US 12,265,783 B2
Systems and methods for multi-modal conversation summarization on a conversation platform
Divyansh Agarwal, San Francisco, CA (US); Chien-Sheng Wu, Mountain View, CA (US); and Tian Xie, San Jose, CA (US)
Assigned to Salesforce, Inc., San Francisco, CA (US)
Filed by Salesforce, Inc., San Francisco, CA (US)
Filed on Nov. 10, 2022, as Appl. No. 18/054,511.
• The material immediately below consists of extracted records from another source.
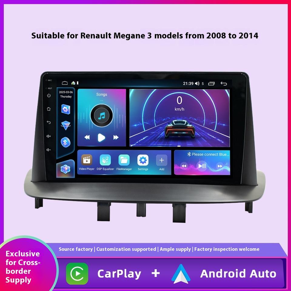 Navigateur GPS Android Auto 9 pouces, écran Full HD, connexion USB, garantie 1 an, Renault Mégane 3, tableau de bord automobile
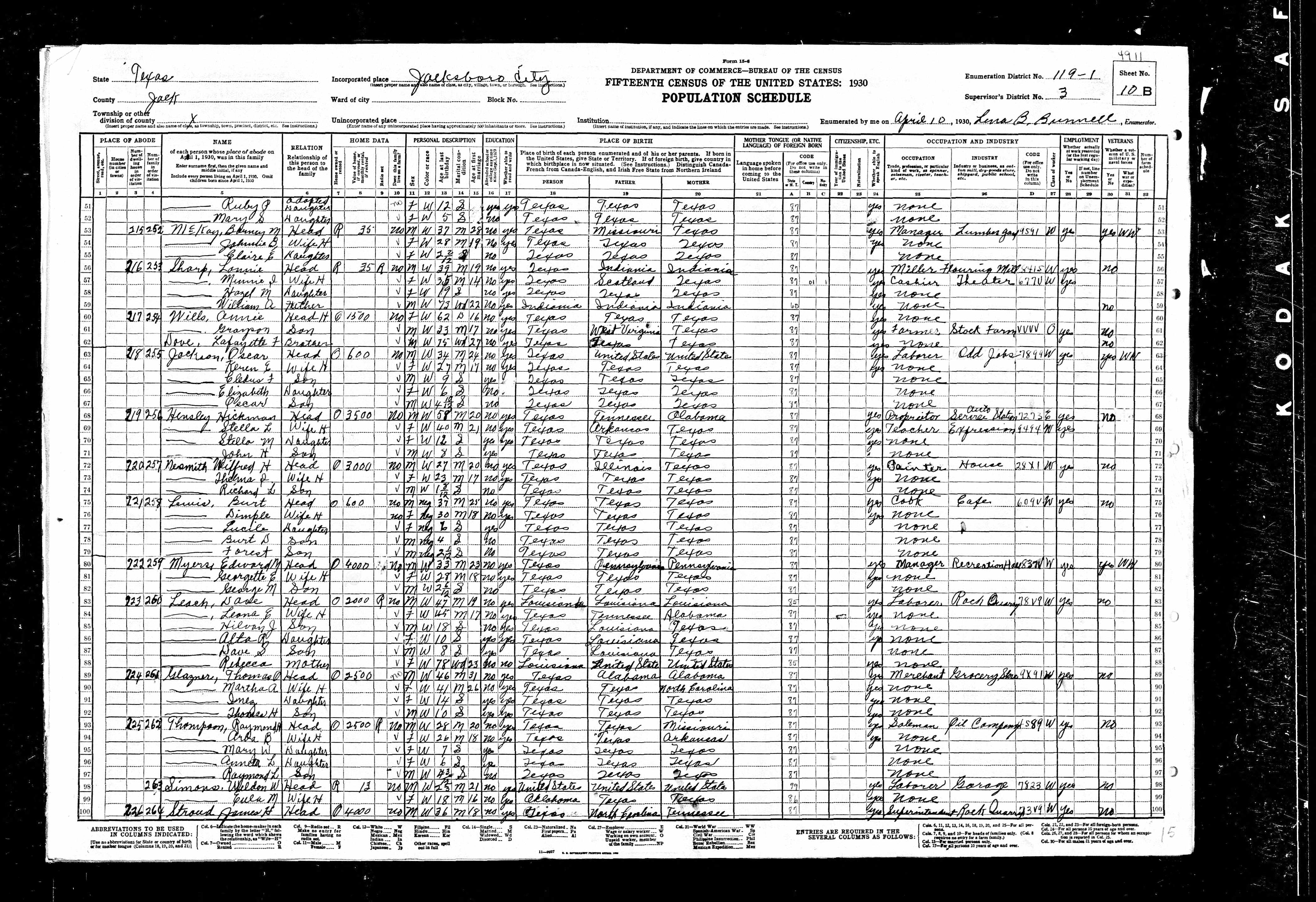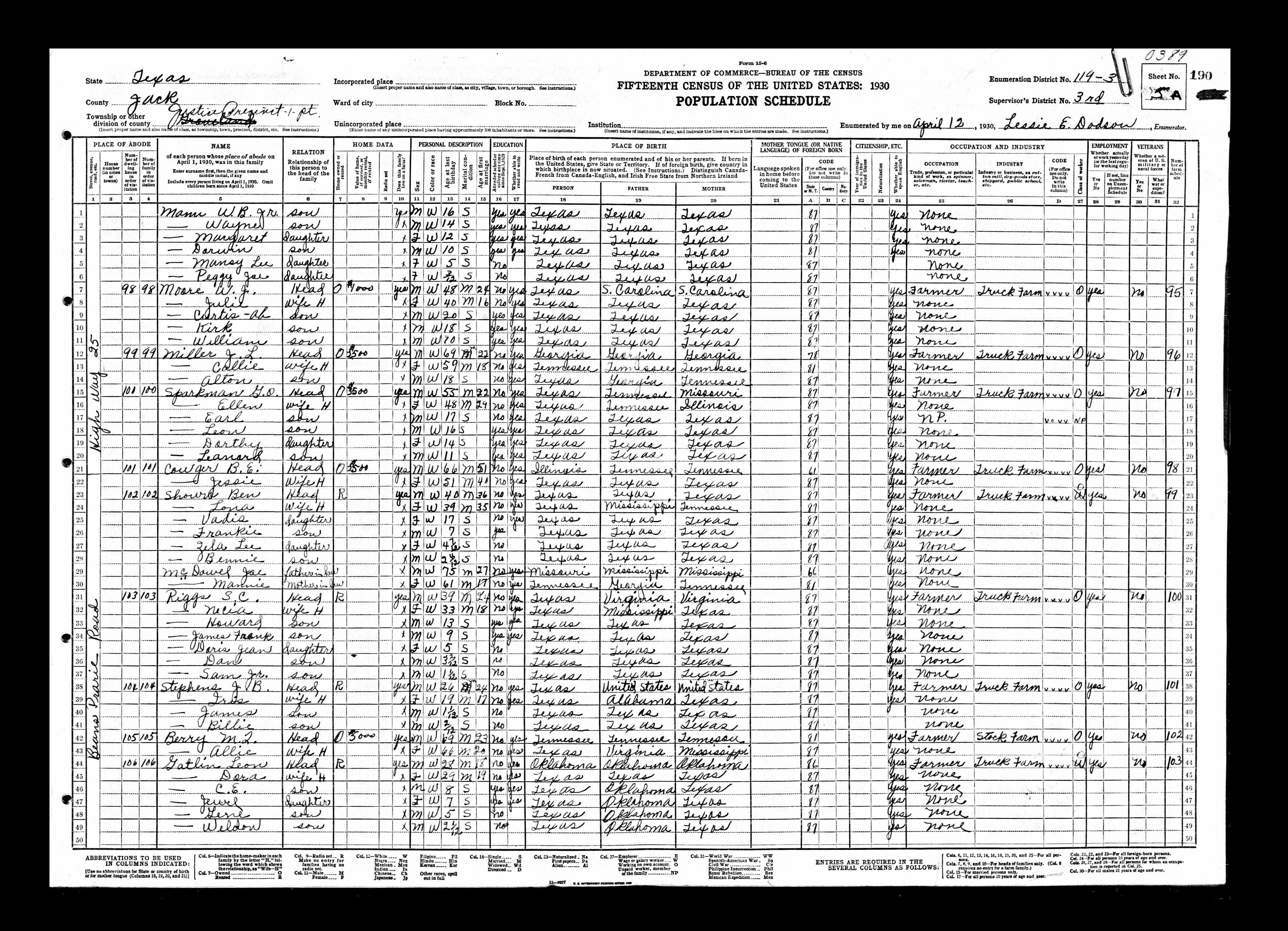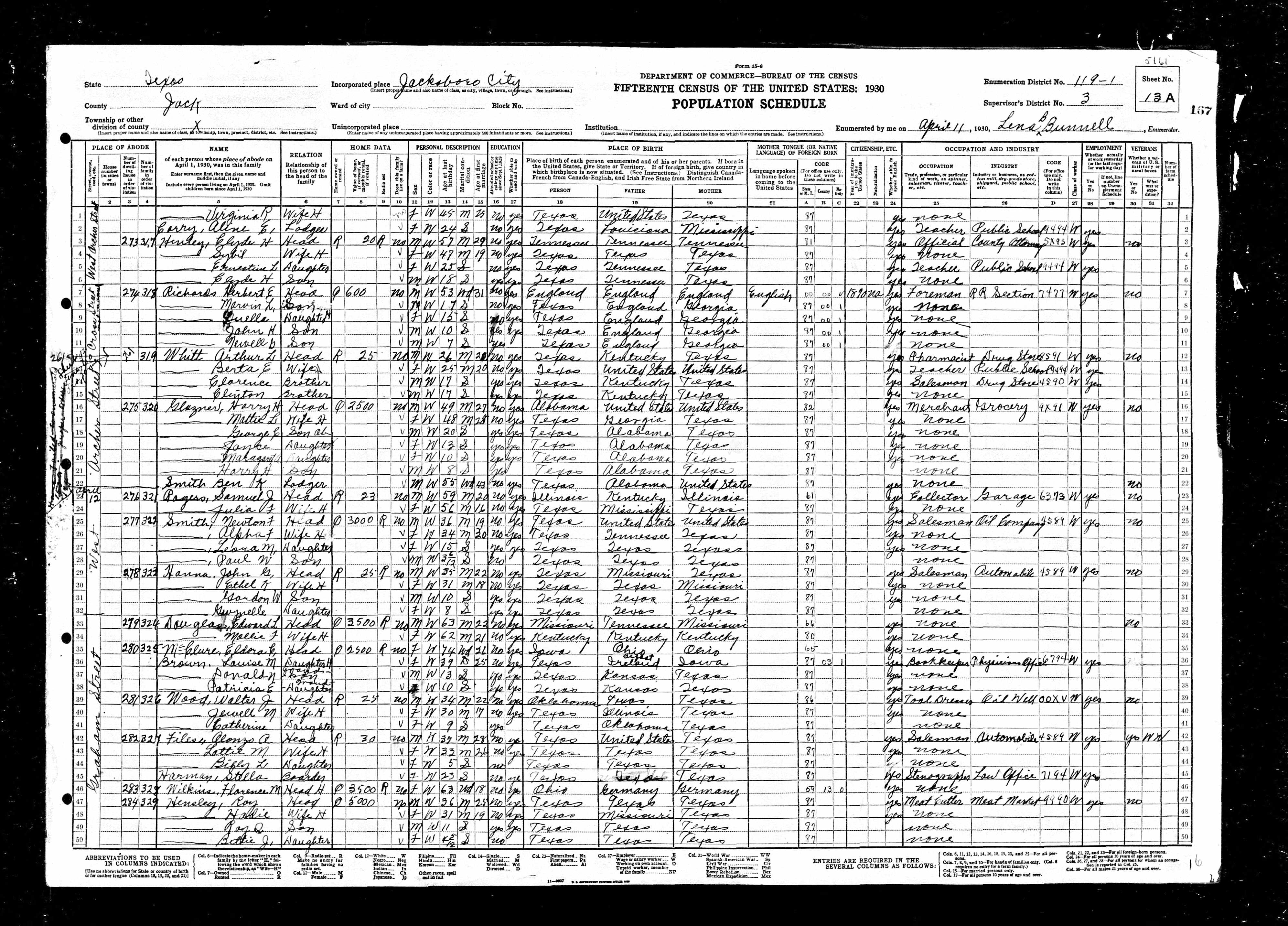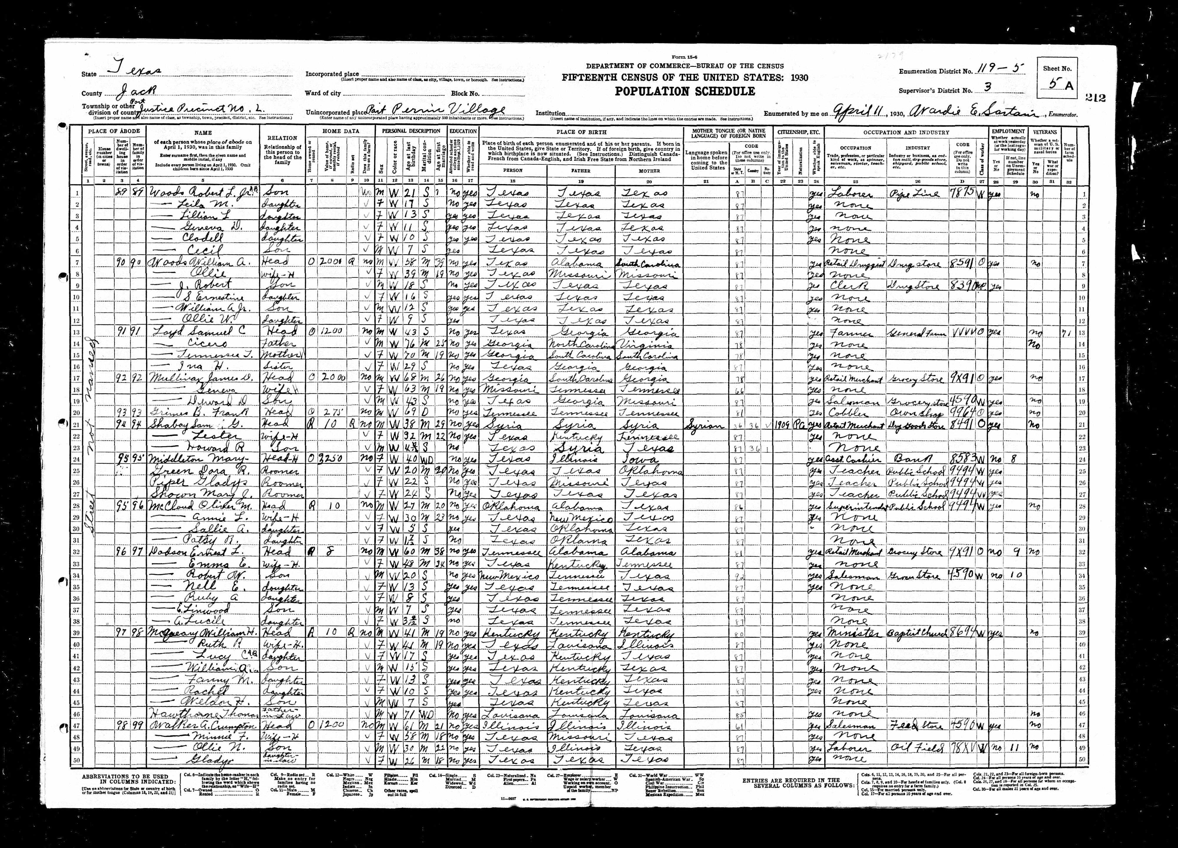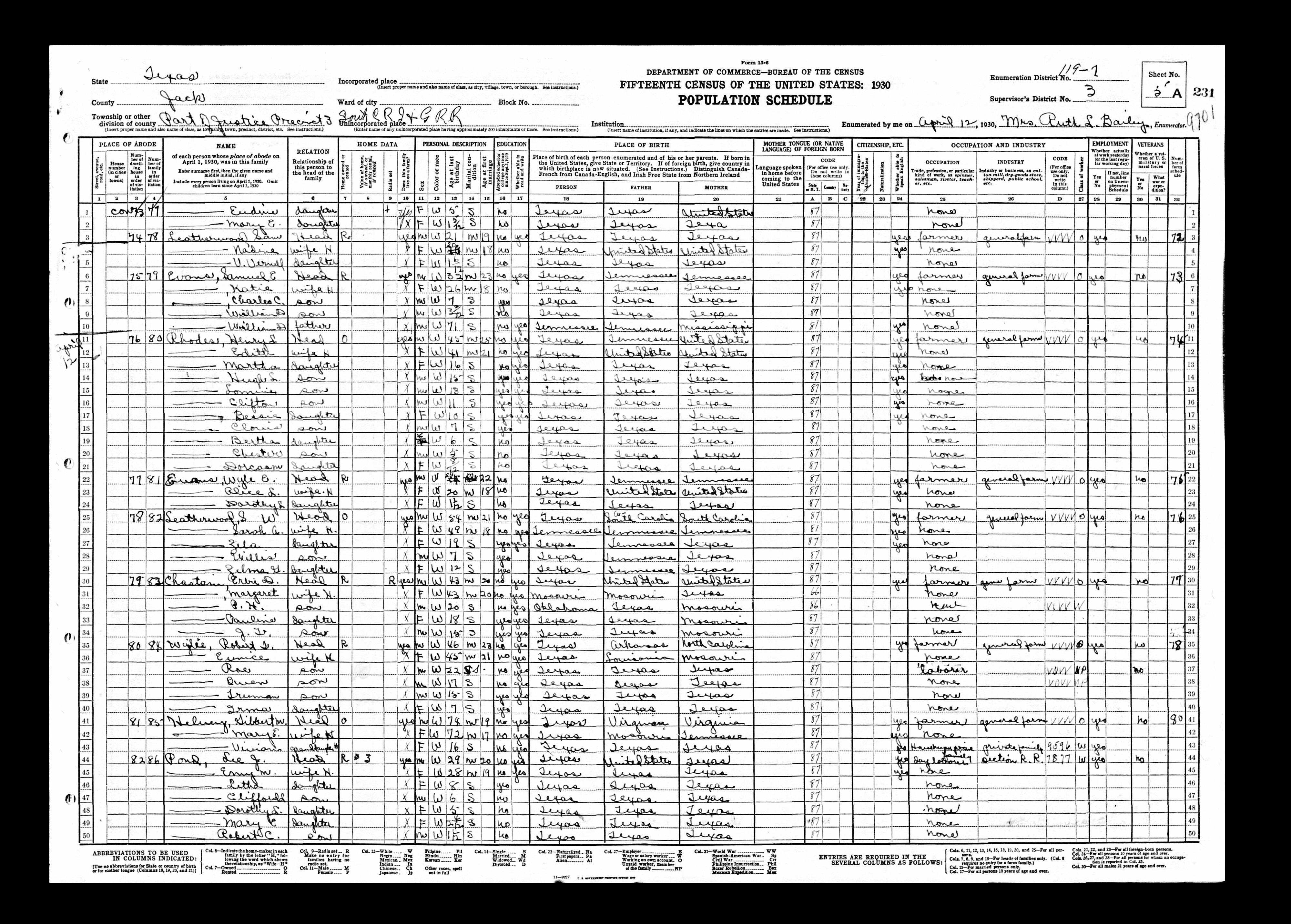 | Links to Large Images of Handwritten 1930 Census Pages | |||||||||||||||||||||
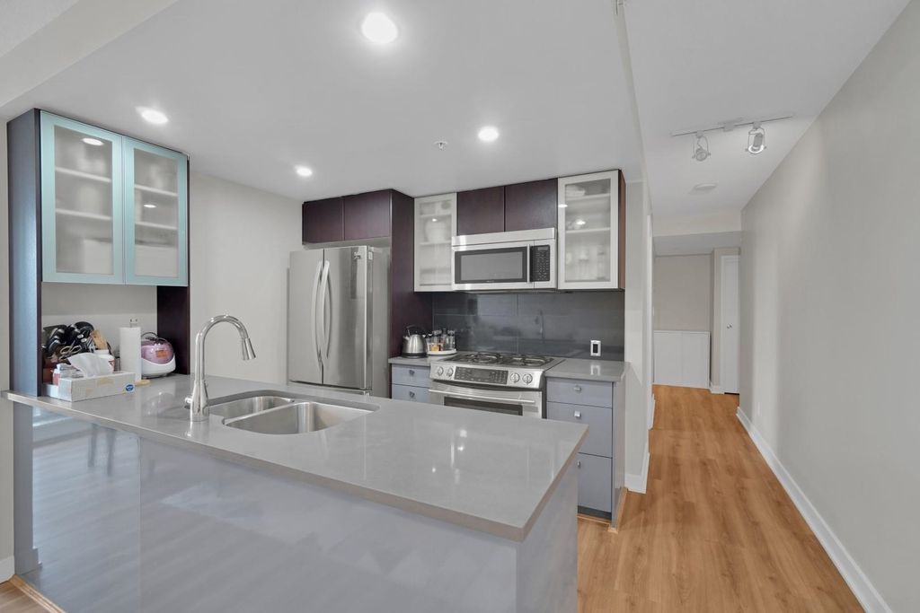 'CENTRO', Quality built by the award winning developer - RITZ. Central location within walking distance to everything: Richmond Centre, Skytrain Station, Library, all levels of schools, recreation & Parks, City Hall and more. Enjoy Sky-roof Gym, Roof Top Garden & Sauna. This spacious One Bedroom plus den, North facing unit offers a sleek/sophisticated open concept layout. Top finishing features S/S appliances, gas range, granite countertops, floor to ceiling windows in the living room, and new laminate flooring throughout. Very affordable one bedroom plus den unit in the heart of Richmond Centre, family friendly. One parking, One locker. Great for first time buyers and investors.

Prior Publication US 2024/0160837 A1, May 16, 2024
Int. Cl. G06F 16/00 (2019.01); G06F 16/334 (2025.01); G06F 16/34 (2019.01); G06F 40/166 (2020.01); G06F 40/205 (2020.01); H04L 51/216 (2022.01); G06V 20/40 (2022.01)
CPC G06F 40/166 (2020.01) [G06F 16/3344 (2019.01); G06F 16/345 (2019.01); G06F 40/205 (2020.01); H04L 51/216 (2022.05); G06V 20/47 (2022.01)] 15 Claims
OG exemplary drawing
 
1. A method of multi-modal summarization of communication on a messaging platform, the method comprising:
receiving, via a user interface, a user request for summarizing communication messages relating to a topic between a first user and a second user on a messaging platform;
searching, via a search engine, for messages between the first user and the second user on the messaging platform;
filtering the messages based on the topic from the user request by predicting, via a topic classification model, whether the messages are related to the topic and excluding a subset of messages that are predicted to be unrelated to the topic;
generating, by a text encoder of a multi-modal summarization model, a text representation from an input sequence corresponding to textual content from the filtered messages;
generating, by an image encoder of the multi-modal summarization model, an image representation of visual features in a multimedia attachment file from the filtered messages;
generating, via a decoder of the multi-modal summarization model, a text summary summarizing both the filtered messages and the multimedia attachment file based on a combination of the text representation generated by the text encoder and the image representation generated by the image encoder,
wherein the text summary comprises a text that references a time and/or a sender of the multimedia attachment file generated from metadata of the multimedia attachment file; and
transmitting, via the user interface, the generated text summary relating to the topic in response to the user request.